Neopterin release from human endothelial cells is triggered by interferon-gamma.

作者信息

Andert S E, Griesmacher A, Zuckermann A, Müller M M

机构信息

Second Department of Surgery, University of Vienna, Austria.

出版信息

Clin Exp Immunol. 1992 Jun;88(3):555-8. doi: 10.1111/j.1365-2249.1992.tb06486.x.

Abstract

Human umbilical vein endothelial cells (HUVEC) were investigated for their ability to produce neopterin, a biochemical marker for an activated immune system. Interferon-gamma (IFN-gamma), IL-1 alpha, IL-2, IL-6, tumour necrosis factor-alpha, granulocyte/macrophage colony stimulating factor, phytohaemagglutinin and concanavalin A were used to stimulate HUVEC. While IFN-gamma induced neopterin release from HUVEC in a time- and dose-dependent manner, all the other cytokines used had no effect on neopterin production.

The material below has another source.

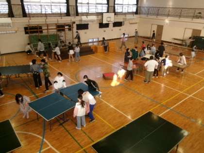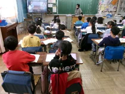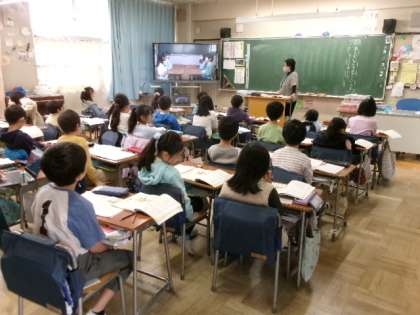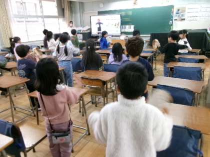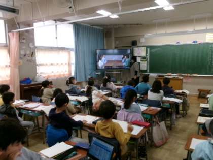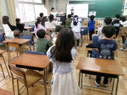 1年生の音楽の時間には、動画を見ながらまねっこをしてタンバリンでリズムを売っています。
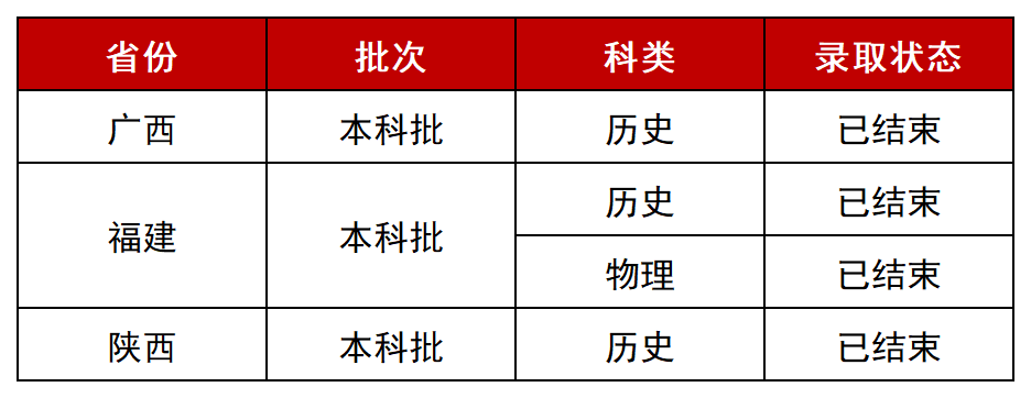截止7月24日,我校在广西、陕西本科批历史类;福建本科批录取结束,具体录取情况如下:

High neopterin levels are found in patients with rejection episodes or infections. Our results suggest that not only monocytes and macrophages, which are known to synthesize neopterin, but also endothelial cells are responsible for these high serum neopterin levels.

摘要

研究了人脐静脉内皮细胞(HUVEC)产生新蝶呤的能力,新蝶呤是活化免疫系统的一种生化标志物。使用干扰素-γ(IFN-γ)、白细胞介素-1α、白细胞介素-2、白细胞介素-6、肿瘤坏死因子-α、粒细胞/巨噬细胞集落刺激因子、植物血凝素和刀豆球蛋白A刺激HUVEC。虽然IFN-γ以时间和剂量依赖性方式诱导HUVEC释放新蝶呤,但所使用的所有其他细胞因子对新蝶呤的产生均无影响。在发生排斥反应或感染的患者中发现新蝶呤水平较高。我们的结果表明,不仅已知能合成新蝶呤的单核细胞和巨噬细胞,而且内皮细胞也与这些高血清新蝶呤水平有关。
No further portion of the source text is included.